Jornalista autodidata, trabalhou como editor de imagem na Rede Globo em Washington, de 1985 a 1991. De volta ao Brasil, trabalhou com marketing em diversas campanhas políticas do PT e do PSDB no interior paulista, até que, em 2010, decidiu promover a primeira Marcha da Maconha em Americana.
Filiado ao PT, tentou em 2010 ser candidato a deputado federal com as bandeiras do ambientalismo e da legalização da cannabis, mas acabou ficando fora da disputa. “Nessa caminhada política, acabei criando inimigos poderosos”, alega.
Em 2012, tentou se candidatar a vereador.

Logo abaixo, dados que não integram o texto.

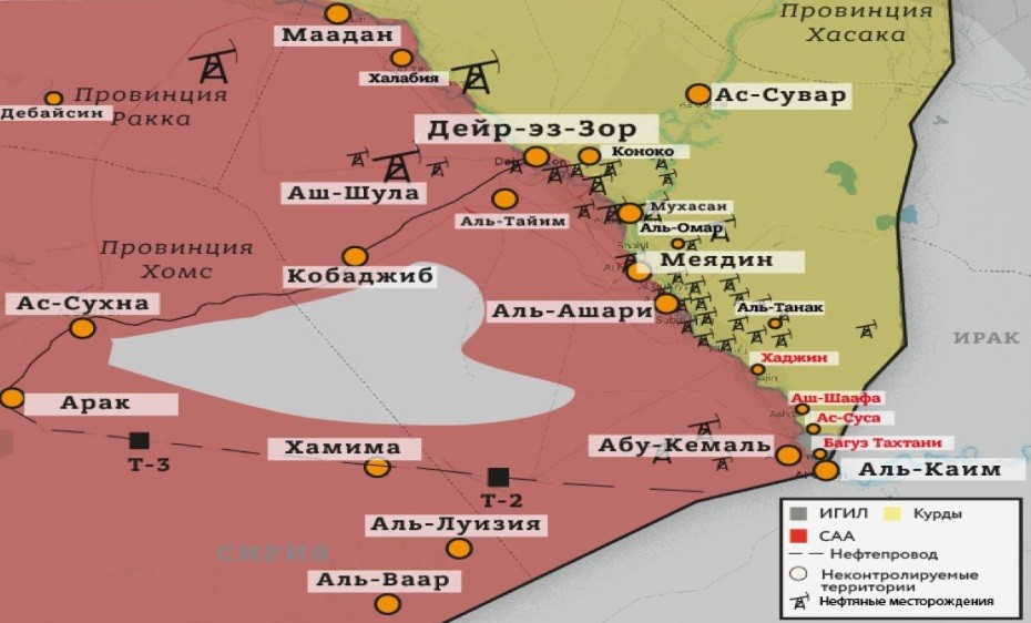 При нем было порядка четырех миллионов сирийских фунтов. «Демократические силы» захватили практически всю восточную половину провинции, где располагаются крупнейшие в стране нефтяные месторождения. Оккупанты ведут незаконную добычу энергоресурсов и поставляют их за границу, вывозя сначала на территории соседних Турции и Ирака.

Participou de reuniões de bairro e de oficinas, fez o rito necessário para chegar ao final como candidato, mas no dia da inscrição de sua candidatura foi mais uma vez descartado pelo partido.

“Como ayahuasca”

Uma semana depois, a Gama fez uma operação de buscas apreensão, alegadamente sem mandado judicial, na igreja rasta, e Ras Geraldinho acabou preso.
Digo a ele que em uma das linhas do processo consta que a Ata da igreja é apócrifa, falsa… . “Isso é o que o juiz acha, a compreensão é dele. Como pode a ata ser apócrifa se ela foi registrada no cartório de Americana e aceita, com endereço, CNPJ e alvará da prefeitura?”
Ele ainda afirma, citando a Constituição, que o direito religioso previsto é superior à lei infraconstitucional. “É o direito inerente ao ser humano. Nossa defesa se embasa na jurisprudência no Santo Daime, que usa o chá de ayahuasca”, explica.
O direito de uso em rituais religiosos para o Santo Daime, foi protocolado pelo Conselho Nacional de Política sobre Drogas (Conad) em 2004.
Ele sustenta que o uso da cannabis ainda não foi registrado, mas que não consta a sua proibição explícita nem na Constituição nem nas listas atualizadas da Agência Nacional de Vigilância Sanitária (Anvisa). “O único vislumbre da legalidade do meu processo é uma alusão sobre as drogas comumente proibidas num tratado internacional, engavetado, de 1962”, diz. A agência avalia a possibilidade de plantio da cannabis para uso medicinal e de bem-estar.
“Com base nesse reconhecimento, tenho direito legal de ser atendido com o mesmo tratamento do Santo Daime, porque na Constituição está dizendo que todo brasileiro tem de ser tratado igualmente pela lei”, argumenta Ras Geraldinho.